If the oven element works, there's no need to replace it.  Your electrician friend can check those types of components and determine what, if anything, needs to be replaced.

 

I don't know what you mean by "eyes" but maybe your friend would know where to find them.  Others here will likely provide input after you post some pictures.
 
Jeepers . . .

I don't think I have ever heard them called eyes until today!

 

So, unless your stove is partially or totally blind, there's no need to replace any of its peepers.
 
RE Home Comfort

If he hasn't gotten rid of it, our local furniture store had one in his storage building, it could be bought fairly cheap I think, The Home Comfort electric and gas stoves were the Wrought Iron Range Companies attempt to get into the modern age and out of the Wood Cookstove era, in which they as well as Copper Clad and Majestic were the very best, they never quite were able to transition, even though the ranges were top quality, they used Robertshaw or Wilcolator oven thermostats and Chromalox "EYES!!LOL" as we say, Im in Mocksville NC, near Winston Salem, if you are interested I will check and see if he still has it.
 
eyes vs burners

We "Southern New England Coastal Dialect/Accent" speakers don't have too many words that're different:
wicked = very, extremely (as an adverb: I got home wicked late last night) OR alone as an adjective to mean extremely cool/better than expected (The party was wicked).
a rack of beer = a six-pack
a packie = package store = liquor store
a rotary = roundabout = traffic circle
tonic = any kind of soda/pop
club soda = seltzer
moxie = chutzpah

Accent?

Mary, merry, and marry have 3 different pronunciations
'cot' and 'caught' are different
'party' and 'potty' aren't even vaguely close.

And the old "Park your car in Harvard Yard"? Nearly everyone imitating a Boston accent says the 'a'-sound way too far forward in the mouth and makes it way too nasal.
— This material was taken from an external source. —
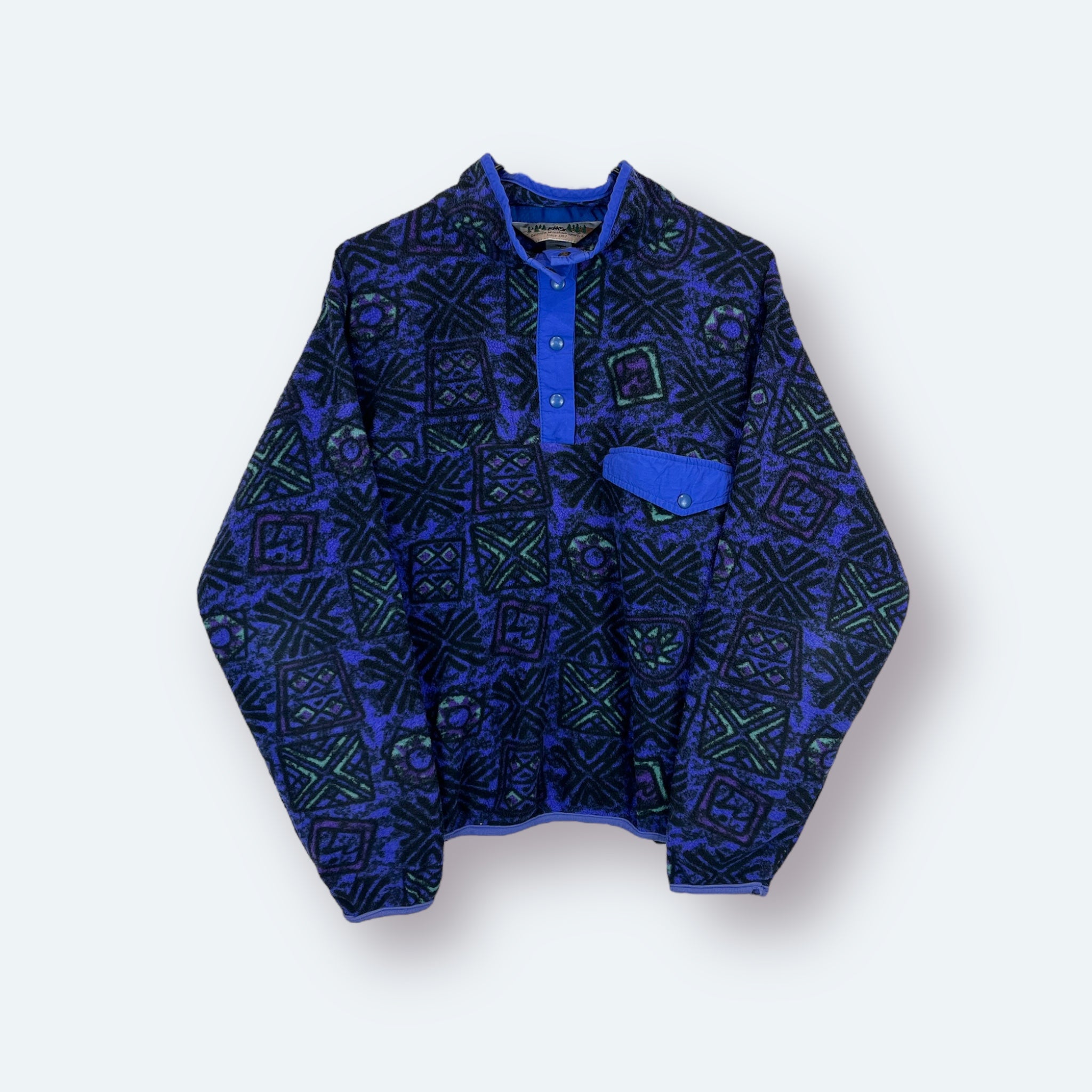 EMS Vintage Fleece Half Button up Sweater Blau Damen M

Kick it way back in your throat and away from your nose:-)

Jim
 
"Eyes" = Elements or Burners

"Eyes" is a leftoverm the 1800s...when the first cast-iron wood/coal stoves came on the market, it was common to call the circular lids "eyes." This has carried forward to our age, largely in rural areas and/or the South.

Lawrence/Maytagbear
 
Thanks. That explains it. My great-grandmother's wood/gas Andes (which I now have in storage) was my sole exposure to wood-burning cookstoves. And does anyone know the name of the tool you use to remove one of the lids/eyes? It's made of metal and has a coiled wire handle and slight hook on the end.
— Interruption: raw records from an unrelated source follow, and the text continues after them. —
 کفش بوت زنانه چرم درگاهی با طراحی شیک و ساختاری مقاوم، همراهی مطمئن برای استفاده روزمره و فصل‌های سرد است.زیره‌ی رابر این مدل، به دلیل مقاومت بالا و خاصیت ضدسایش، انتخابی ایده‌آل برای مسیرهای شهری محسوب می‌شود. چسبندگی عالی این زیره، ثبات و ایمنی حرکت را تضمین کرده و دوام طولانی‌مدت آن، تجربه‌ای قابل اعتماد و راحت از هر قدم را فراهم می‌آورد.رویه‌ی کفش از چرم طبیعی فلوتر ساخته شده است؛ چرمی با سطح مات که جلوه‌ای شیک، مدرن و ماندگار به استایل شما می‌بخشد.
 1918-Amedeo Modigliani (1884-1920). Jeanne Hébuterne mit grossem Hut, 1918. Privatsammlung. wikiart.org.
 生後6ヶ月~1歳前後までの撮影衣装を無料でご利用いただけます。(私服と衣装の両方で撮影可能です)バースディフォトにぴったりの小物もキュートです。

There was little English spoken in the house so I wouldn't've been exposed to the terms. Not that I remember what either are called in Polish, lol. I probably did when I was 8, though.

Thanks,

Jim
 
We had one of those lid lifters as a kid on our Kenmore combo gas/kerosene stove as a kid. My father would never have paid 29.95 for it, we would have used a screwdriver instead. It lifted the cast iron lid so you could light the oil burner with a long stick with a wick on the end. I only thought a burner was called an eye in Europe and it was electric or gas. Learn something new every day.